Jack was a young gunnery Lieutenant in the 143rd (Kent Yeomenry) Field Artillery Regiment which gave artillery support to the operations of 49th Infantry Division (The Polar Bears), under command of 1st Canadian Corps, 1st Canadian Army, 21st Army Group (Montgomery). They had been involved in the Nijmegen-Kleve road bombardment in February 1945 then back-tracked to take part in the liberation of Arnhem on 14th April. Following this, 1st Corps was originally scheduled to clear German troops out of western Netherlands and feed the liberated population but the plan was changed and the Corps was stopped a dozen miles east of Utrecht on the 19th. The troops marked time, pending decisions by higher powers on the future of operations in the western Netherlands. General Eisenhower emphasised that operations west of Utrecht "would inevitably involve very heavy casualties among Dutch civil population through bombing and shelling of towns and villages, as well as from starvation and flooding" (it was hoped to prevent the enemy from flooding the whole countryside West of Utrecht which had taken over 300 years to reclaim). Ike concluded that the quickest means of liberating and restoring the western Netherlands "may well be the rapid completion of our main operations".

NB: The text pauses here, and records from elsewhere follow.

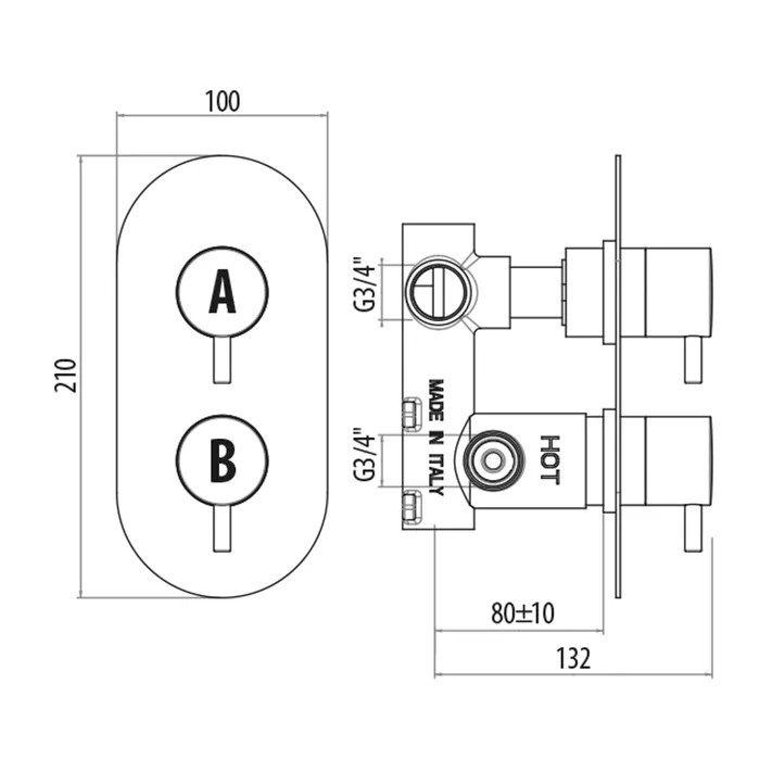Смеситель для душа Gattoni Flat Termostatici 2 рычага на 2 выхода, хром TS991/22C0
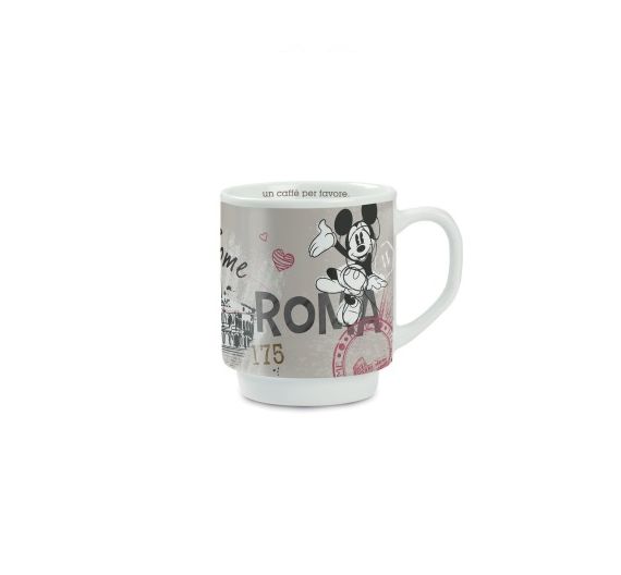 Mug in porcellana che seguono la precedente serie Disney di Mickey Mouse ora ambientata nelle città europee di Roma, Parigi, Londra. Capacità: 300 ml.
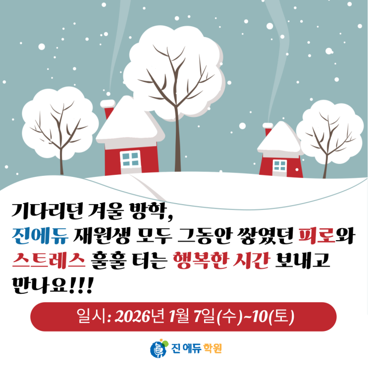 2026년 새해가 밝았습니다. 지난 한해 진에듀에 보내주신 믿음과 애정에 진심으로 감사드립니다!! 2026년에도 변치 않는 초심으로, 아이들에 대한 최선의 지도와 노력을 다하겠습니다!!!! 새해 복 많이 받으세요!!! 다음은 진에듀 방학 일정입니다. 그동안 들뜬 분위기는 가라앉히고, 새학기를 제대로 준비할 수 있는 겨울이 되도록 하겠습니다. 완충하고 다시 만나요!!!^^ #고림고 #고림중 #고진중 #진덕고 #고림동내신 #고림동학원 #진덕지구학원 #고림국어 #고림수학 #고림영어 <img src="https://blogthumb.pstatic.net/MjAyNjAxMDZfMjQg/MDAxNzY3NjgxODQ1MDY3.kK_I__ZZQ5p9vpL8x2R-muAhNoPKp93wCazJCeviKeMg.tCmXQ2DE7iez3ZDrQ9BCYGJ-gs4PsTBPEqf5J5X3Qfsg.PNG/%C1%A6%B8%F1%C0%BB-%C0%D4%B7%C2%C7%D8%C1%D6%BC%BC%BF%E4_-001_%282%29.png?type=s3" />
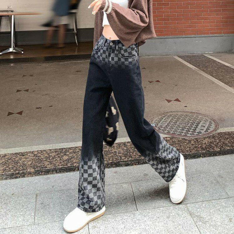 秋 ロング丈 市松模様 チェック柄 ブラックグレー ジーンズ ワイドレッグ デニム 黒 パンツ 灰色 春 ハイウエスト 大きいサイズ

The first official meeting between Allied and German authorities to discuss emergency food supplies took place in a schoolhouse at Achterveld on 28 April. It was agreed that food would be introduced by air, sea, inland waterways and road. Special provision was made for Allied teams to assist the Dutch medical services and the enemy agreed that no further flooding would take place. A corridor was created, extending south from the railway linking Arnhem and Utrecht to the Waal at Ochten, for the passage of supplies. "Within these bounds there would exist a temporary truce until such time as the feeding arrangements had been concluded.

Operation Faust - feeding the starving people of the Netherlands in 1945‘Operation Faust’, began at 7:30 a.m. on 2 May as the first 3-ton trucks, including those of the Polar Bears, began deliveries to a depot at Rhenen, on the Neder Rijn. The food came from food dumps in Oss and Den Bosch and was transported to Rhenen through Wageningen. By the following day the operation was in full swing, with convoys of 30 vehicles crossing the truce line every 30 minutes. Twelve transport platoons (eight Canadian and four British), comprising 360 vehicles, delivered approximately 1000 tons of supplies daily until the 10th, when the "Faust" organisation was disbanded and responsibility for food distribution transferred to other formations.

The knowledge of this humanitarian operation involving her husband’s Division was a most welcome revelation to his 89-year-old widow whose knowledge of the war consisted of her own experiences of the bombing of Birmingham as she worked as an inspector of Hercules aircraft engines at the Rover Factory and the tales of death and destruction related by her husband as he made his way from Normandy to Germany.

So, thank you, firstly, to the Dutch couple for their outstanding hospitality, secondly to the airmen and soldiers who got us that slap-up meal in 1955, and finally to the aviators of the ACA Saltire Branch whose stories gave us a lead into ‘Operation Faust’.